(Saved data entries)

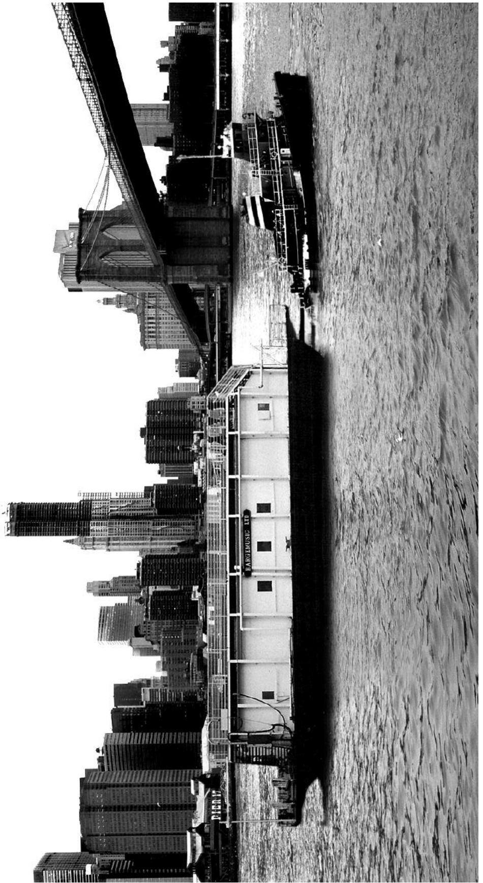
BargeMUSIC being towed along the East River to dry dock. Like any maritime vessel in New York City, the Barge must be lifted out of the water periodically for routine inspection and maintenance. The Barge will be in dry dock in New Jersey from March 29 through April 15; concerts will resume on April 16.
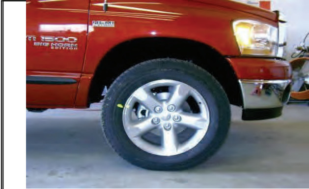
Place vehicle on level ground, properly lift and support.
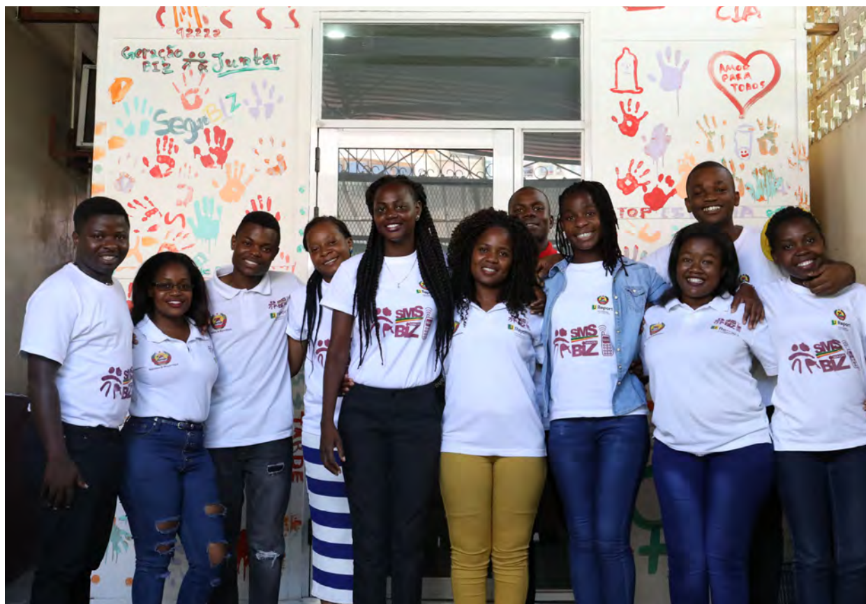
SMS Biz youth counsellors pose against a mural alluding to the elimination of violence and the promotion of sexual and reproductive health and rights.

Investment in counselling services. A sub-regional hub for SMS BIZ/U-Report 6 has been established and equipped with IT equipment, an activist manual and a frequently asked question guide. The centre has also recruited 20 counselors (55 per cent female) who were trained and equipped to provide at least 30,000 monthly answers to questions on HIV prevention, GBV, child marriage and other issues asked by adolescents and young people. By the end of December, SMS BIZ successfully expanded its coverage to all districts of the three Spotlight target provinces. As a result, 320,205 people (51 per cent male and 49 per cent female; 16 per cent aged 5-17) accessed counselling services via SMS BIZ/U-Report .
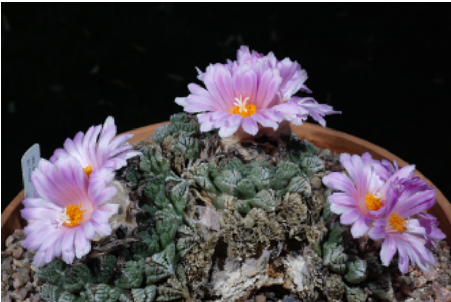
Ariocarpus fissuratus

We will hold elections for the CCSS Board of Directors this Saturday. Several positions are term limited and open, so if you would like to serve on the Board, this is your chance!
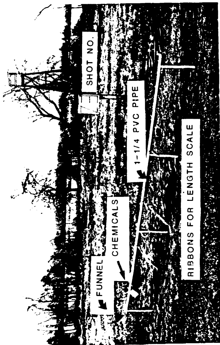
Figure 1. Pipe setup.
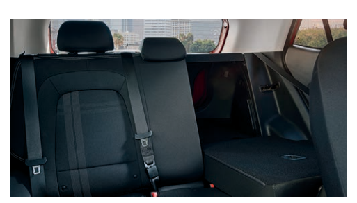
60/40 split-folding rear seats
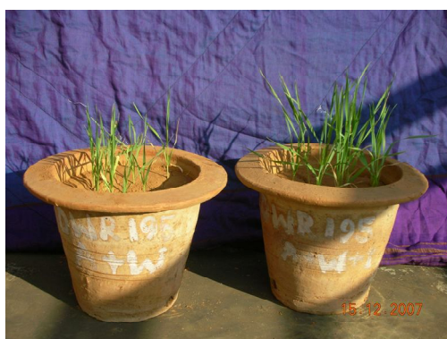
Fig. 3. The effect of Glomus fasciculatum on DWR 195 var. under control and inoculated conditions with acid stress.
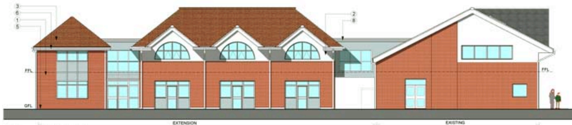
1 Proposed South Elevation 1:100
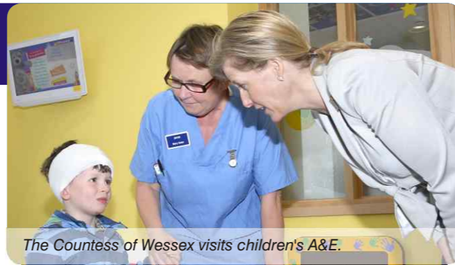
The Countess of Wessex visits children's A&E.

This separate waiting, assessment and treatment area for children will open later this summer, ready to welcome the 9,000 children treated by A&E staff at Salisbury District Hospital each year.
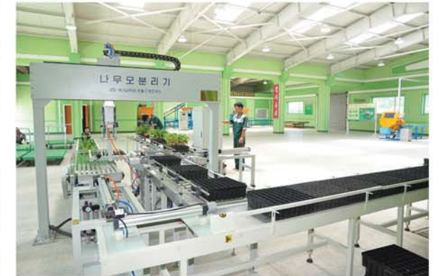
Sapling production is getting on a more scientific footing.

of test acclimatization, are transferred to the general control room via the integrated control system. Based on this, appropriate conditions are provided for the growth of saplings.
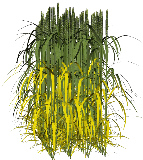
Figure 1. Simulated stand consisting of 4 rows of 15 wheat plants each, created using the FSPM methodology. Reprinted from Evers et al. (2011) with permission from Elsevier.

In combination with dedicated experiments, this modelling tool can be used to analyse the response of plants to (imminent) competition, simulate the competitive advantage of shade avoidance for plants of different architecture, and predict plant form in various light environments. To assess the effect of plant population density through R:FR signalling on tillering (branching) in spring wheat ( Triticum aestivum L.), an FSPM study was conducted (Figure 1). A simple descriptive relationship was used to link R:FR as perceived by the plant to extension growth of tiller buds and probability of a bud to form a tiller. A further study included a complete sub-model of branching regulation, aiming at simulating branching as an emergent property in Arabidopsis thaliana under the influence of R:FR. These and other studies show that FSPM is a promising tool to simulate aspects of plant development, such as branching, under the influence of environmental factors. In close combination with dedicated experiments, FSPM can shape our ideas of the mechanisms controlling plant development, can integrate existing knowledge on plant development, and can predict plant development in untested conditions.
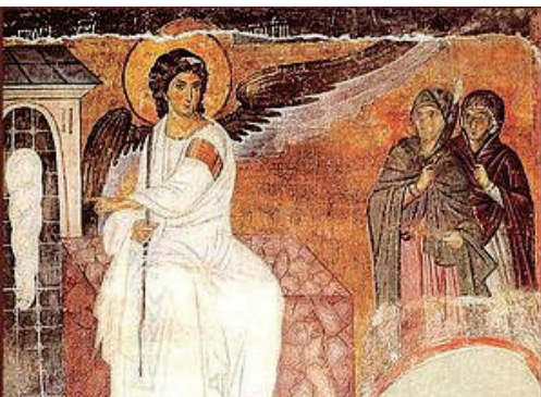
The White Angel fresco from Mileševa Monastery

The tradition of slava, the family saint feast day, is an important ethnic marker of Serb identity, and is usually regarded their most significant and most solemn feast day. Serbs are the only Christians who celebrate “slava” – a patron saint day. It is the tradition of the ritual celebration and veneration of a family’s own patron saint.
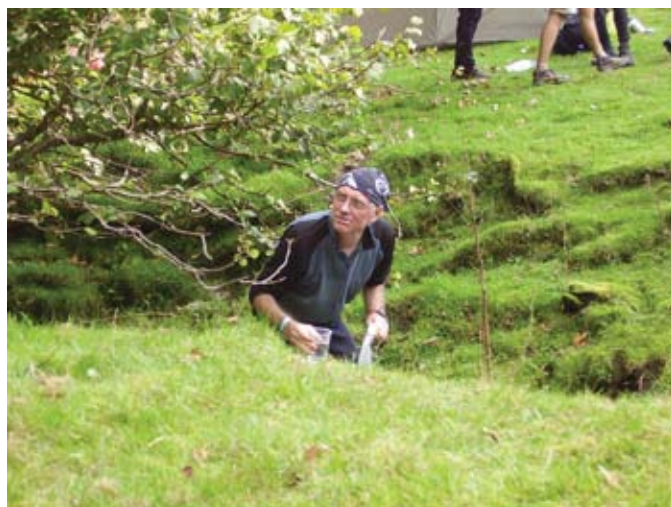
and a big ziploc bag for collecting water. And get there before Dave.
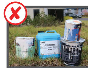
Gas cylinders, chemicals, pesticides, paint and hazardous waste
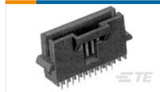
TE Model / Part #104071-8 06 SYSTEM 50 HDR SRST SHRD
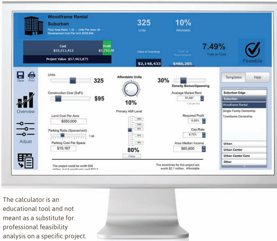
Figure 1: Sample page from the Mixed Income Housing Calculator

The calculator is an educational tool and not meant as a substitute for professional feasibility analysis on a specific project.
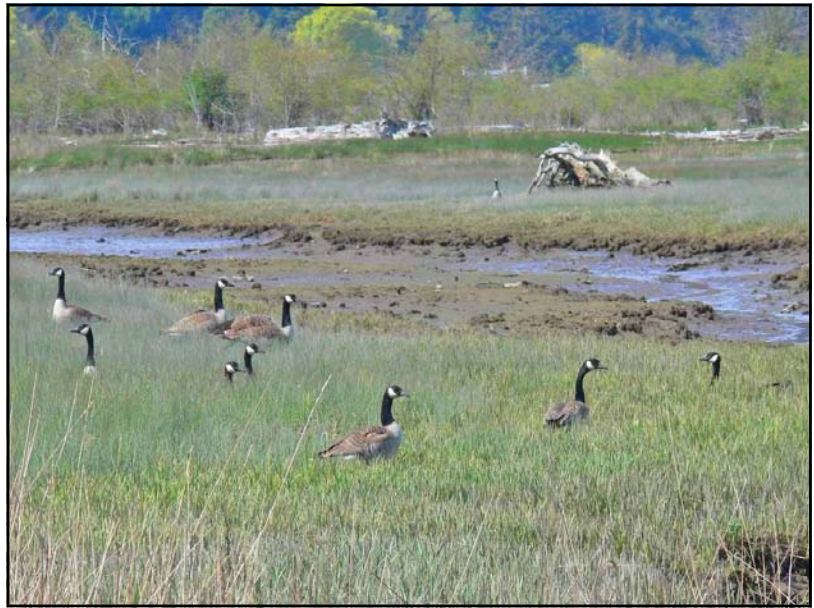
Resident Canada Geese feeding in the Carex -channel edge community of the Little Qualicum River estuary, 23 April 2007. Evidence of their grubbing activities in the form of mud clumps and an eroded channel edge can be seen in the channel behind the geese.

R ecently, myself, Sean Boyd, Ron Buechert and Andy Stewart studied the impacts resident geese were causing to the Little Qualicum River estuary. Of major concern were the impacts to a keystone species, a sedge called Carex lyngbyei . This sedge contributes significant biomass to the detrital food web of the estuary, which feeds a wide variety of invertebrates that, in turn, support the higher trophic levels, including salmonids and waterbirds.
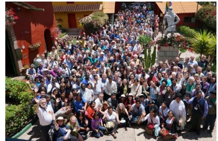
Friends at a world gathering in South America
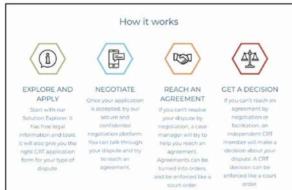
Figure 2 - CRT dispute resolution process

During system design, the CRT development team anticipated that peak usage would be after business hours and on weekends. However, web analytics show that the majority of users are accessing CRT services during traditional business hours, and more often than not, through tablets and smartphones.
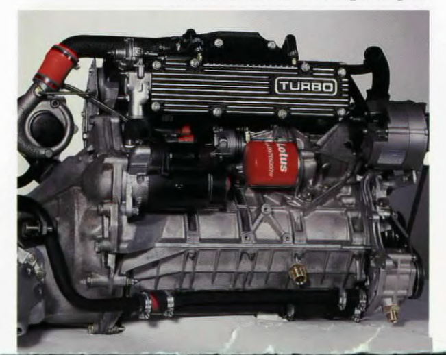
The powerhouse behind the performance – 2.2 litre, 16 valve DOHC turbo-charged engine.
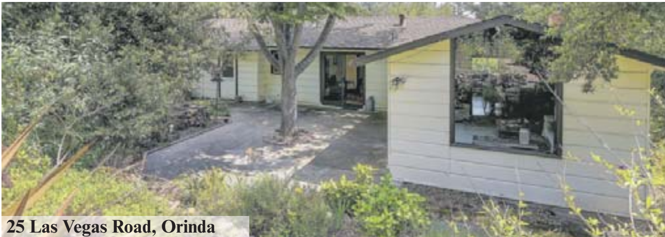
25 Las Vegas Road, Orinda
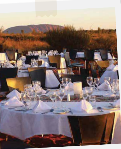
Uluru Sunset Dinner
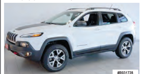
2015 JEEP CHEROKEE TRAILHAWK

LEATHER, BACKUP CAMERA, 4X4, REMOTE START LAKE COUNTRY'S LOW PRICE $24,998
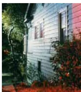
Geoffrey Aronson (New London, Connecticut 1950; lives and works in Valladolid, Yucatan, Mexico) N. Highland Avenue (Atlanta) , 2004. C-print on Kodak paper, 16 x 14 inches (approximate). Knoxville Museum of Art, gift of the artist.
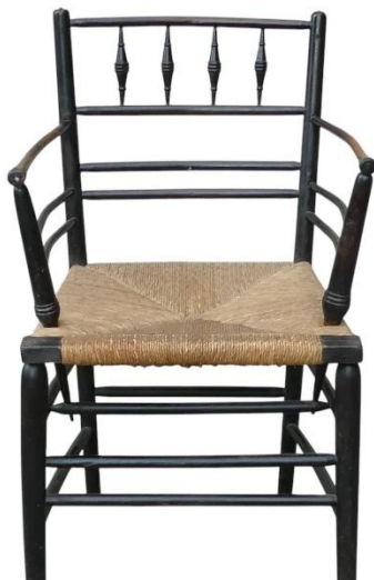
Lot 933 - Sussex armchair in the manner of Morris & Co
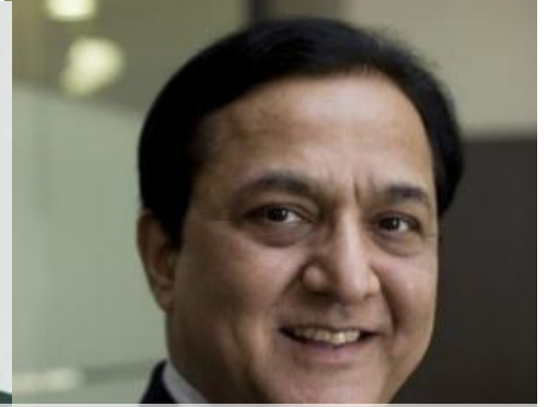
Rana Kapoor Founder & CEO, Yes Bank
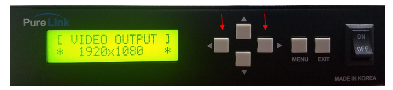
<PIC. Right or Left arrow>

Press right or left button on the front to toggle the information.
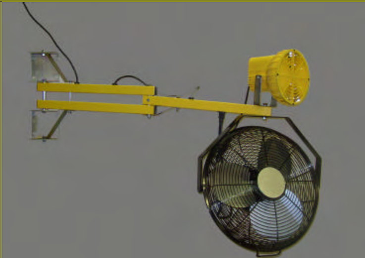
Shown with optional heavy duty mounting bracket and HPS lamp

Exercise brief
Return an exact transcription of the entries above, excluding each image.

Task solution
BargeMUSIC being towed along the East River to dry dock. Like any maritime vessel in New York City, the Barge must be lifted out of the water periodically for routine inspection and maintenance. The Barge will be in dry dock in New Jersey from March 29 through April 15; concerts will resume on April 16.
Place vehicle on level ground, properly lift and support.
SMS Biz youth counsellors pose against a mural alluding to the elimination of violence and the promotion of sexual and reproductive health and rights.

Investment in counselling services. A sub-regional hub for SMS BIZ/U-Report 6 has been established and equipped with IT equipment, an activist manual and a frequently asked question guide. The centre has also recruited 20 counselors (55 per cent female) who were trained and equipped to provide at least 30,000 monthly answers to questions on HIV prevention, GBV, child marriage and other issues asked by adolescents and young people. By the end of December, SMS BIZ successfully expanded its coverage to all districts of the three Spotlight target provinces. As a result, 320,205 people (51 per cent male and 49 per cent female; 16 per cent aged 5-17) accessed counselling services via SMS BIZ/U-Report .
Ariocarpus fissuratus

We will hold elections for the CCSS Board of Directors this Saturday. Several positions are term limited and open, so if you would like to serve on the Board, this is your chance!
Figure 1. Pipe setup.
60/40 split-folding rear seats
Fig. 3. The effect of Glomus fasciculatum on DWR 195 var. under control and inoculated conditions with acid stress.
1 Proposed South Elevation 1:100
The Countess of Wessex visits children's A&E.

This separate waiting, assessment and treatment area for children will open later this summer, ready to welcome the 9,000 children treated by A&E staff at Salisbury District Hospital each year.
Sapling production is getting on a more scientific footing.

of test acclimatization, are transferred to the general control room via the integrated control system. Based on this, appropriate conditions are provided for the growth of saplings.
Figure 1. Simulated stand consisting of 4 rows of 15 wheat plants each, created using the FSPM methodology. Reprinted from Evers et al. (2011) with permission from Elsevier.

In combination with dedicated experiments, this modelling tool can be used to analyse the response of plants to (imminent) competition, simulate the competitive advantage of shade avoidance for plants of different architecture, and predict plant form in various light environments. To assess the effect of plant population density through R:FR signalling on tillering (branching) in spring wheat ( Triticum aestivum L.), an FSPM study was conducted (Figure 1). A simple descriptive relationship was used to link R:FR as perceived by the plant to extension growth of tiller buds and probability of a bud to form a tiller. A further study included a complete sub-model of branching regulation, aiming at simulating branching as an emergent property in Arabidopsis thaliana under the influence of R:FR. These and other studies show that FSPM is a promising tool to simulate aspects of plant development, such as branching, under the influence of environmental factors. In close combination with dedicated experiments, FSPM can shape our ideas of the mechanisms controlling plant development, can integrate existing knowledge on plant development, and can predict plant development in untested conditions.
The White Angel fresco from Mileševa Monastery

The tradition of slava, the family saint feast day, is an important ethnic marker of Serb identity, and is usually regarded their most significant and most solemn feast day. Serbs are the only Christians who celebrate “slava” – a patron saint day. It is the tradition of the ritual celebration and veneration of a family’s own patron saint.
and a big ziploc bag for collecting water. And get there before Dave.
Gas cylinders, chemicals, pesticides, paint and hazardous waste
TE Model / Part #104071-8 06 SYSTEM 50 HDR SRST SHRD
Figure 1: Sample page from the Mixed Income Housing Calculator

The calculator is an educational tool and not meant as a substitute for professional feasibility analysis on a specific project.
Resident Canada Geese feeding in the Carex -channel edge community of the Little Qualicum River estuary, 23 April 2007. Evidence of their grubbing activities in the form of mud clumps and an eroded channel edge can be seen in the channel behind the geese.

R ecently, myself, Sean Boyd, Ron Buechert and Andy Stewart studied the impacts resident geese were causing to the Little Qualicum River estuary. Of major concern were the impacts to a keystone species, a sedge called Carex lyngbyei . This sedge contributes significant biomass to the detrital food web of the estuary, which feeds a wide variety of invertebrates that, in turn, support the higher trophic levels, including salmonids and waterbirds.
Friends at a world gathering in South America
Figure 2 - CRT dispute resolution process

During system design, the CRT development team anticipated that peak usage would be after business hours and on weekends. However, web analytics show that the majority of users are accessing CRT services during traditional business hours, and more often than not, through tablets and smartphones.
The powerhouse behind the performance – 2.2 litre, 16 valve DOHC turbo-charged engine.
25 Las Vegas Road, Orinda
Uluru Sunset Dinner
2015 JEEP CHEROKEE TRAILHAWK

LEATHER, BACKUP CAMERA, 4X4, REMOTE START LAKE COUNTRY'S LOW PRICE $24,998
Geoffrey Aronson (New London, Connecticut 1950; lives and works in Valladolid, Yucatan, Mexico) N. Highland Avenue (Atlanta) , 2004. C-print on Kodak paper, 16 x 14 inches (approximate). Knoxville Museum of Art, gift of the artist.
Lot 933 - Sussex armchair in the manner of Morris & Co
Rana Kapoor Founder & CEO, Yes Bank
<PIC. Right or Left arrow>

Press right or left button on the front to toggle the information.
Shown with optional heavy duty mounting bracket and HPS lamp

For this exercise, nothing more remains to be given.